Data for review Block Start
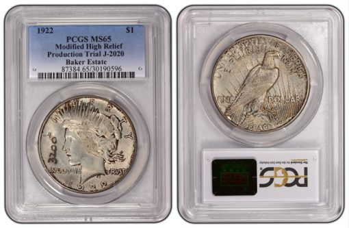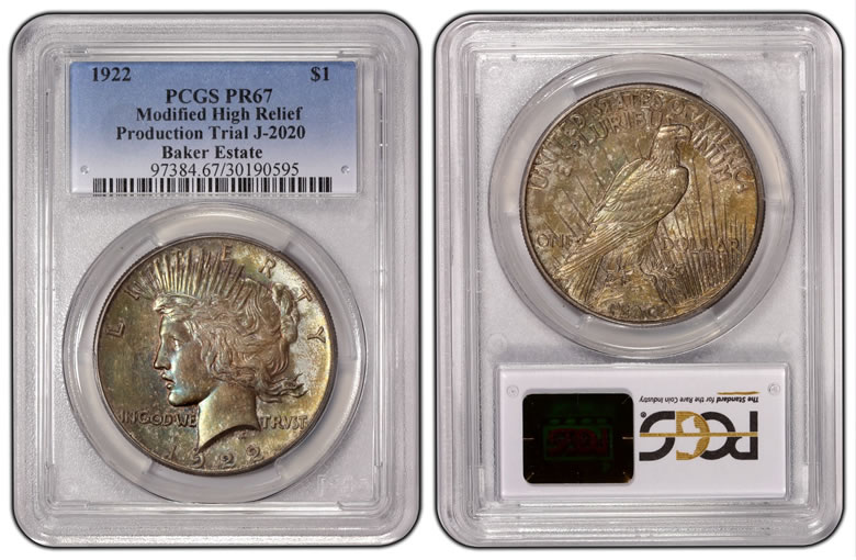 From the Baker Estate and graded PCGS PR67, this is one of the few surviving trial examples (J-2020) of 1922 Peace dollars with a Modified High Relief and a Satin finish. -
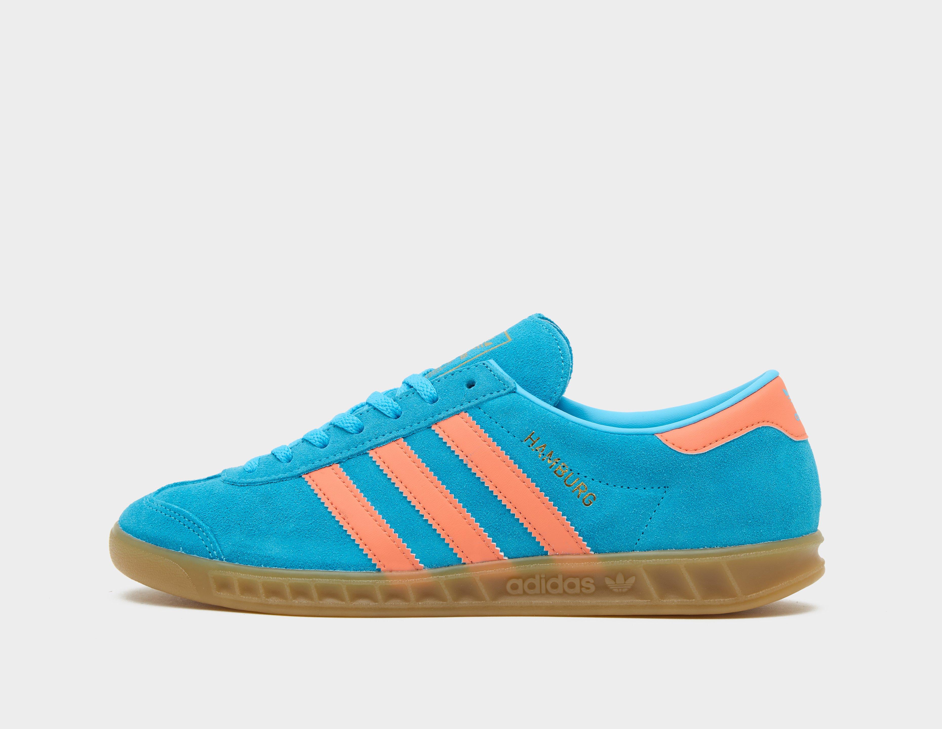 A style that's unique among other notable 'City Series' designs, the adidas Originals Hamburg incepted back in the '80s. This rendition opts for a premium 'Sky Rush' leather upper and hosts contrast 'Semi Coral' 3-Stripes and a tonal double-stitched T-toe. Underlining the above, a grooved gum outsole ensures hardened grip, while gold foiling etches off across the lateral walls. | JS0682
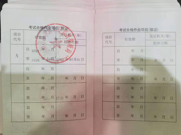 質(zhì)監(jiān)局特種作業(yè)證:鍋爐證G1,水處理G3,特種設(shè)備安全管理A,電梯維修T,快開門式壓力容器操作R1,移動式壓力容器充裝R2 ,起重司機(Q2橋式,門式,流動式),起重指揮Q1,叉車司機N1,觀光車司機N2, 等全工種
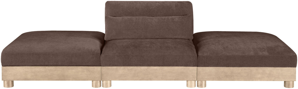 Turin - Chenille Fabric Upholstered 3 Piece Modular Sofa - Brown / Painted Natural
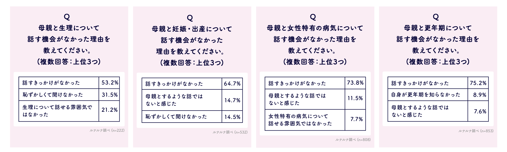 Q.母親と「生理」「妊娠・出産」「女性特有の病気」「更年期」について話す機会がなかった理由を教えてください。(複数回答)
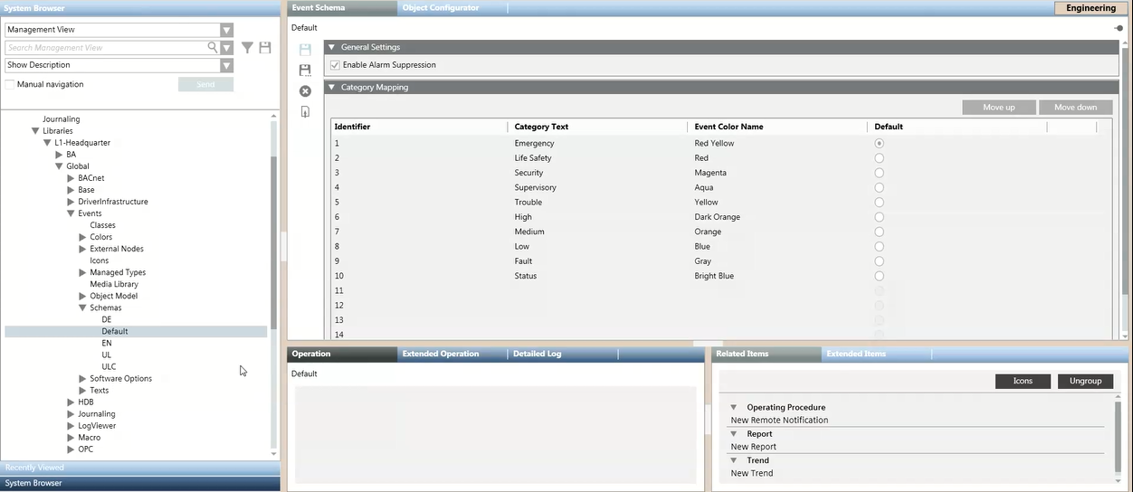 Das Ereignisschema ist eine Konfiguration in einer Ereignisbibliothek, die definiert, wie Alarme dem Benutzer präsentiert werden: welche Ereigniskategorien in einer Desigo CC-Installation verwendet werden, ihre entsprechenden Kategoriefarben und die Zuordnung verschiedener Alarmtypen zu diesen Kategorien und zu Ereignisstönen.
Data for review Block End
Copy only what lies between the line with "Turin - Chenille" and the line with "Q.母親と「生理」「妊娠・出", those two lines included, exactly as given above; pictures stay out.

 Turin - Chenille Fabric Upholstered 3 Piece Modular Sofa - Brown / Painted Natural
 Q.母親と「生理」「妊娠・出産」「女性特有の病気」「更年期」について話す機会がなかった理由を教えてください。(複数回答)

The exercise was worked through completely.